[DATA SECTION Boundary: Start]

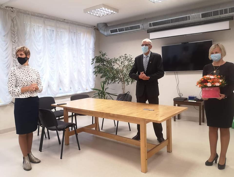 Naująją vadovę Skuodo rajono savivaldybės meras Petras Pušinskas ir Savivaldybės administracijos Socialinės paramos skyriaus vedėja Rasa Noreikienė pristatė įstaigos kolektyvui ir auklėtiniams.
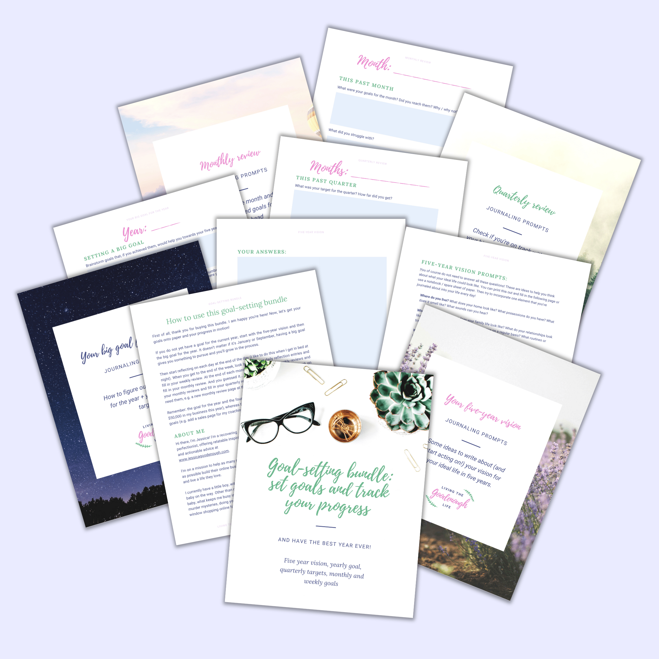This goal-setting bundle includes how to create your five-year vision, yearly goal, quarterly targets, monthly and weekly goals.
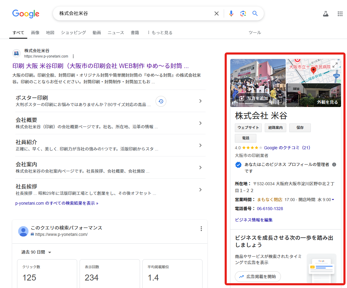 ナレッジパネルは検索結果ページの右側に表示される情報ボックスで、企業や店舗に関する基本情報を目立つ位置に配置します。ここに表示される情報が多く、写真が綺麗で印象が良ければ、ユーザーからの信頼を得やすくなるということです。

[DATA SECTION Boundary: End]

TASK TO COMPLETE: Write out the listing above exactly as it stands, pictures excluded.

SOLUTION FOR THIS PROBLEM:
 Naująją vadovę Skuodo rajono savivaldybės meras Petras Pušinskas ir Savivaldybės administracijos Socialinės paramos skyriaus vedėja Rasa Noreikienė pristatė įstaigos kolektyvui ir auklėtiniams.
This goal-setting bundle includes how to create your five-year vision, yearly goal, quarterly targets, monthly and weekly goals.
 ナレッジパネルは検索結果ページの右側に表示される情報ボックスで、企業や店舗に関する基本情報を目立つ位置に配置します。ここに表示される情報が多く、写真が綺麗で印象が良ければ、ユーザーからの信頼を得やすくなるということです。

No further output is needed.